(Working data)
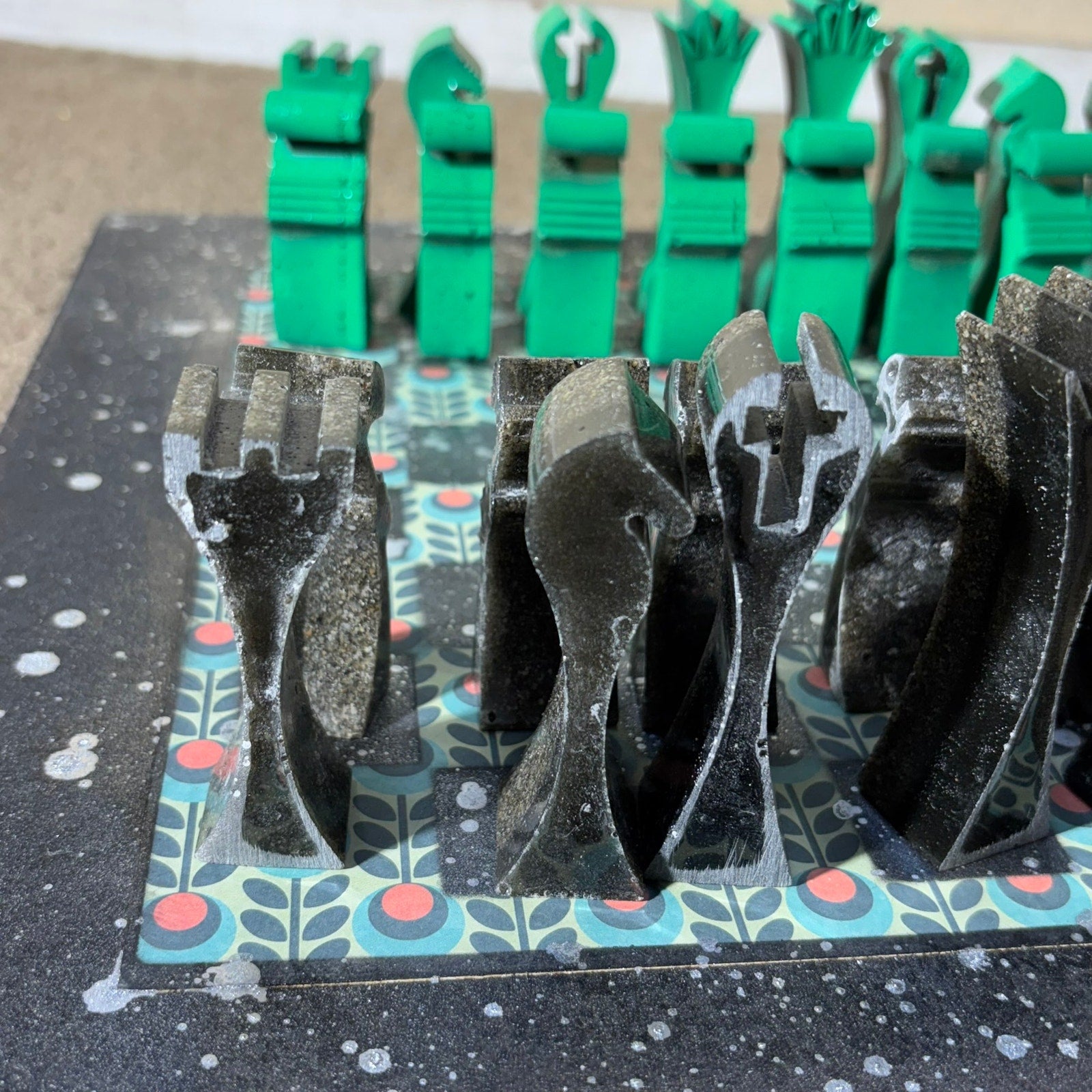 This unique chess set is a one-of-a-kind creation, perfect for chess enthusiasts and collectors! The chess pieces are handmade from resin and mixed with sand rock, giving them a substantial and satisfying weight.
(End Working data)
(Working data)
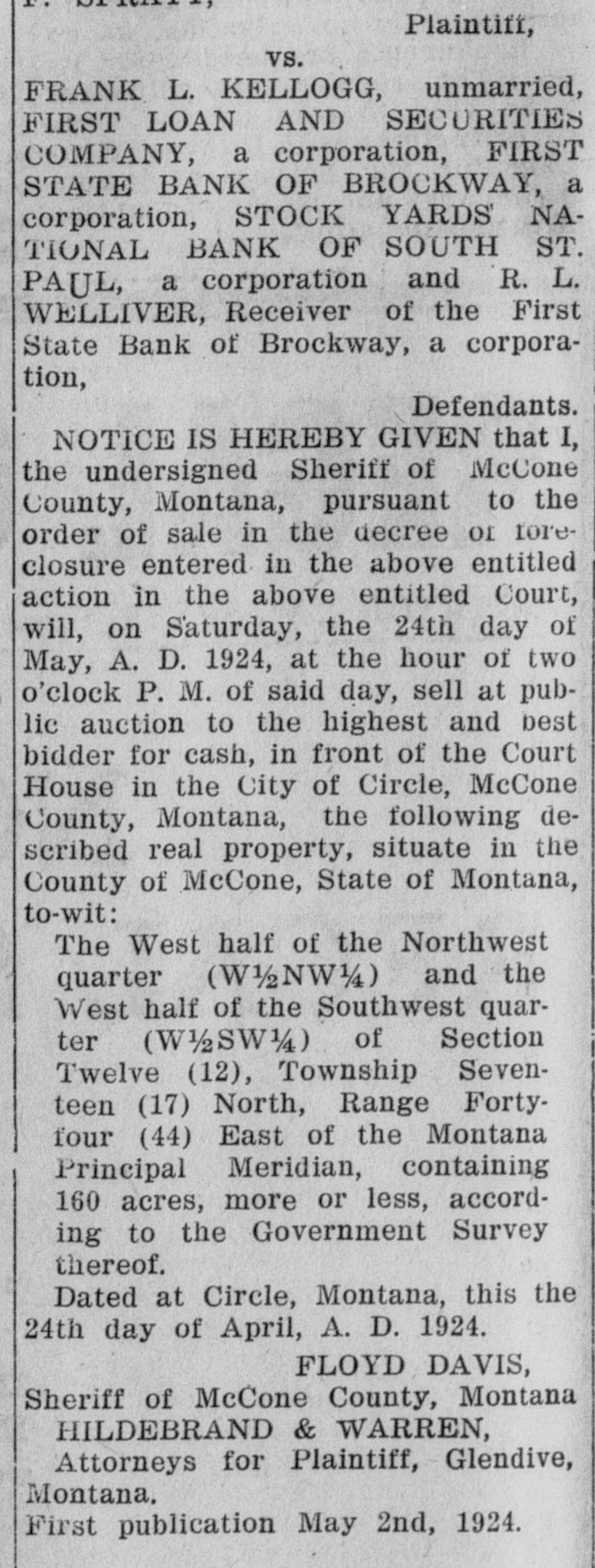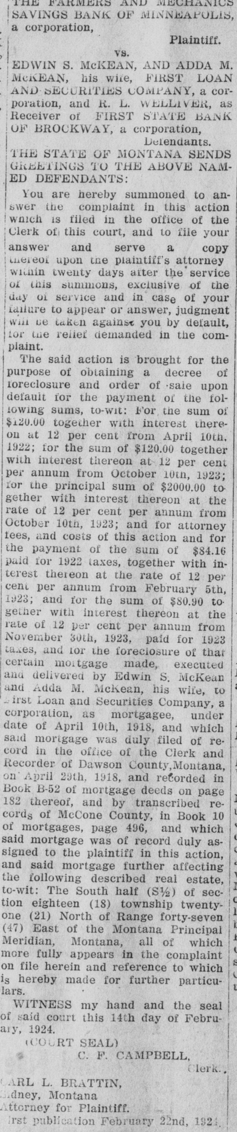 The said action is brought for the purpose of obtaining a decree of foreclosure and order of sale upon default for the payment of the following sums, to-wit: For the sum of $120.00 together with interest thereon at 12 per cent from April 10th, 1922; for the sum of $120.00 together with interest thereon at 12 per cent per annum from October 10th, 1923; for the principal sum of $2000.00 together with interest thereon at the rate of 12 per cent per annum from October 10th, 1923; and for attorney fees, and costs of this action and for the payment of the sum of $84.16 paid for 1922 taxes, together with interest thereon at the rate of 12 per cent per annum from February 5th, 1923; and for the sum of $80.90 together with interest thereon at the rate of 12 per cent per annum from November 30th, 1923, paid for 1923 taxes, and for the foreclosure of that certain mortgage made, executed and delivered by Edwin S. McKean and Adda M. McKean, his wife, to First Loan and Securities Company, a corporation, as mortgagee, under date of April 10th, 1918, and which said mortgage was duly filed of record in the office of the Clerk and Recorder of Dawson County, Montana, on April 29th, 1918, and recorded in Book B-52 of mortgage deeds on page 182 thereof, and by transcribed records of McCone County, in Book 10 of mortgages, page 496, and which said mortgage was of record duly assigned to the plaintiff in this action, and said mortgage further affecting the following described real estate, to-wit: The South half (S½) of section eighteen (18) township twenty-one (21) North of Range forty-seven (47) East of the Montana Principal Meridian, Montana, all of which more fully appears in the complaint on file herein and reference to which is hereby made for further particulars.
(End Working data)
(Working data)
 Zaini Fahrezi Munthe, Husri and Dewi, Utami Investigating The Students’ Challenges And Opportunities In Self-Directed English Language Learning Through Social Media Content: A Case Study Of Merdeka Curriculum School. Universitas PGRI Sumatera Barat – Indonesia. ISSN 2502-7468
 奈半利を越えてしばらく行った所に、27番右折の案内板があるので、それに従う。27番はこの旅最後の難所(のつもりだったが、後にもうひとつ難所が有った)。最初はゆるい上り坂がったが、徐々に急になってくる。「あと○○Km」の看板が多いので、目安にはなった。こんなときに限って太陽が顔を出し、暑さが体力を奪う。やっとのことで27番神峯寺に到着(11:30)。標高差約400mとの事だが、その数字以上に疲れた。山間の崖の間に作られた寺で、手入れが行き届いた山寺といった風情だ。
(End Working data)
→ **What the task requires**
All that should be written out is the stretch of lines above between the one holding "Zaini Fahrezi Munthe, Husri" and the one holding "奈半利を越えてしばらく行った", inclusive, exactly as given.

→ **Exercise solution**
 Zaini Fahrezi Munthe, Husri and Dewi, Utami Investigating The Students’ Challenges And Opportunities In Self-Directed English Language Learning Through Social Media Content: A Case Study Of Merdeka Curriculum School. Universitas PGRI Sumatera Barat – Indonesia. ISSN 2502-7468
 奈半利を越えてしばらく行った所に、27番右折の案内板があるので、それに従う。27番はこの旅最後の難所(のつもりだったが、後にもうひとつ難所が有った)。最初はゆるい上り坂がったが、徐々に急になってくる。「あと○○Km」の看板が多いので、目安にはなった。こんなときに限って太陽が顔を出し、暑さが体力を奪う。やっとのことで27番神峯寺に到着(11:30)。標高差約400mとの事だが、その数字以上に疲れた。山間の崖の間に作られた寺で、手入れが行き届いた山寺といった風情だ。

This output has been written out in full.